**Source data**.
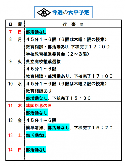 2月10日(水)から2月19日(金)まで学年末考査期間のため、部活動はありません。考査に向けて頑張りましょう。
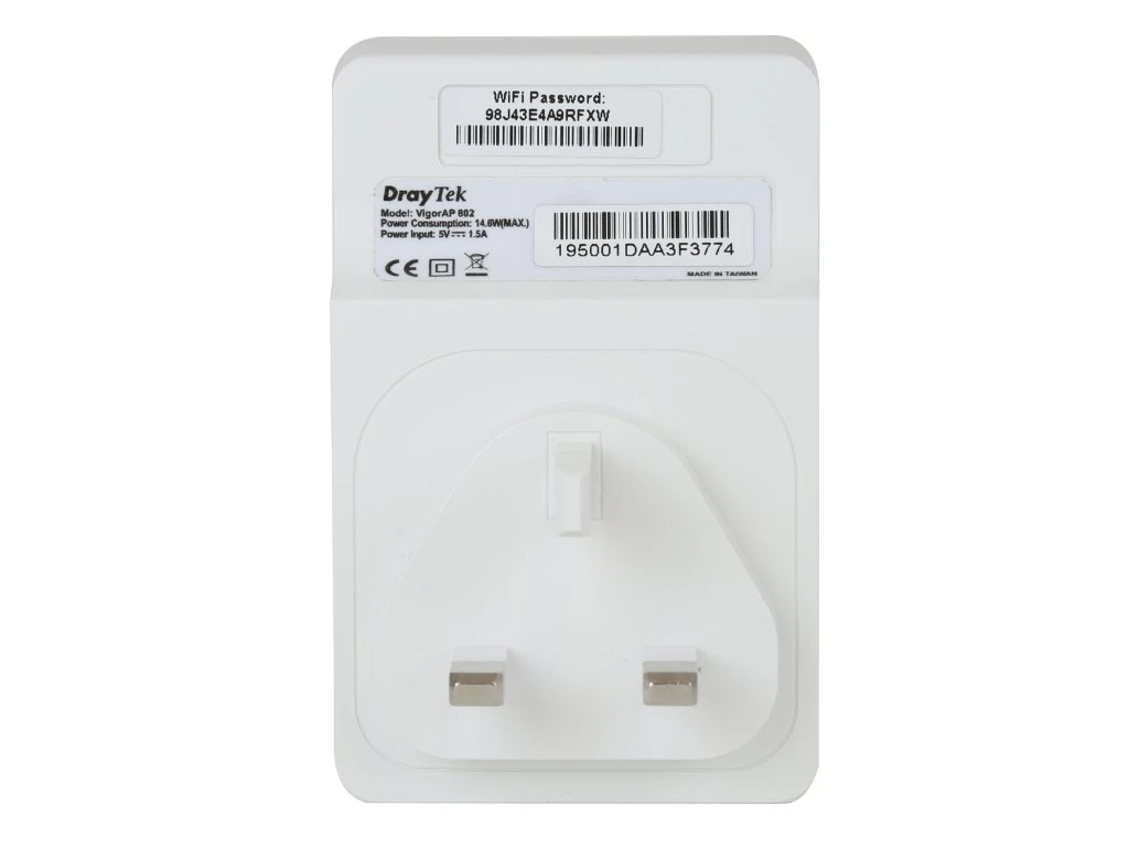 The VAP802 Mesh acts as a mesh node to connect to other access points, such as and a compatible DrayTek mesh root. VAP802-K eliminates ethernet cabling. Simply plug the VigorAP 802 in to a UK wall plug power socket to expand wireless coverage. No need for additional power adapters or cables.
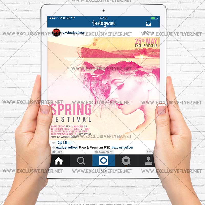 The Spring Festival is the exclusive Photoshop PSD flyer template designed by ExclusiveFlyer to promote your Spring Festival. This is a modern, stylish flyer and just be used for a Spring Festival Night, Spring Party or Summer Party etc. Dear customers! – you can also: Customize any flyers or Hire Us to create any unique product. Also, you can get unlimited access to all our templates. You can buy 1 month membership, 3 or 6 months membership or even 1 year membership plan and login on site, choose a design, click the button DOWNLOAD TEMPLATE and it’s yours. No hassle, no checkout! When you paid the template, you can find it in your personal account and of course you’ve got a message to your e-mail (maybe in spam) with link to download. Also, you can find all templates, which you buy, in your personal account! All of our flyers have a very good quality (300DPI). And it means that you just need to download one of them and make the necessary modifications such as replace the elements or choose the colors and start to invite your guests! You can order from us design of Banner Ad, Bi-Fold Brochure, Tri-Fold Brochure, Business Card, Logo, One-Sided Flyer, Two-sided Flyer or Postcard. All you need is to checkout and write us all information on our e-mail or skype. (order now). There are a lot of free flyer templates, free business card templates on our site! Also there are a lot of categories of flyers such as club flyers, seasonal flyers, sport flyers and also business flyers. You have a great choise on our site, so good luck! Don’t forget to follow our Facebook community, our page on Twitter, on Pinterest and on Tumblr and leave comments, cause we work for you! PSD is set up in 1275×1875 dimension (4” x 6” with 0,25” bleed). The PSD file is very well organised, with color coded groups and layers named appropriately. Remember, all stock images of models and other people used only for demonstration all charms of the flyer and don’t included in the download!
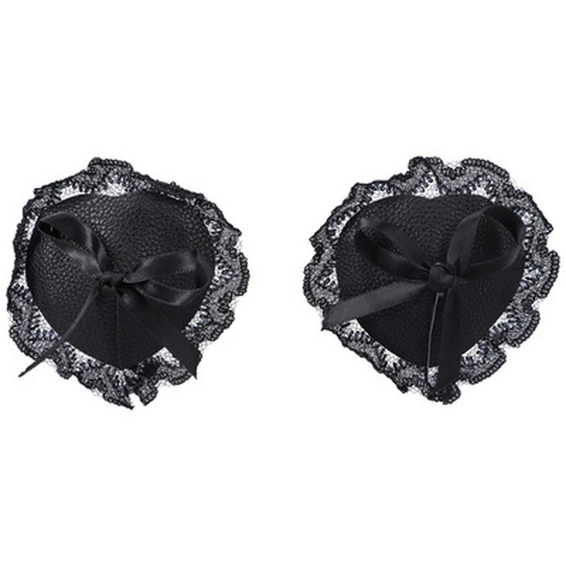 Cover only the essentials with these sensual black vegan leather and lace nipple covers.
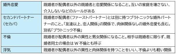 ・ セカンドパートナーは現在、既婚者以外の独身カップルにも広がっている様子ですが、今回の調査は本来の意味に則して対象を既婚者に限定しました。

**Work instruction**. Take the line with "Cover only the" and each line after it through the end of the material above, and reproduce them exactly, without the pictures.

**Reply to the task**.
 Cover only the essentials with these sensual black vegan leather and lace nipple covers.
 ・ セカンドパートナーは現在、既婚者以外の独身カップルにも広がっている様子ですが、今回の調査は本来の意味に則して対象を既婚者に限定しました。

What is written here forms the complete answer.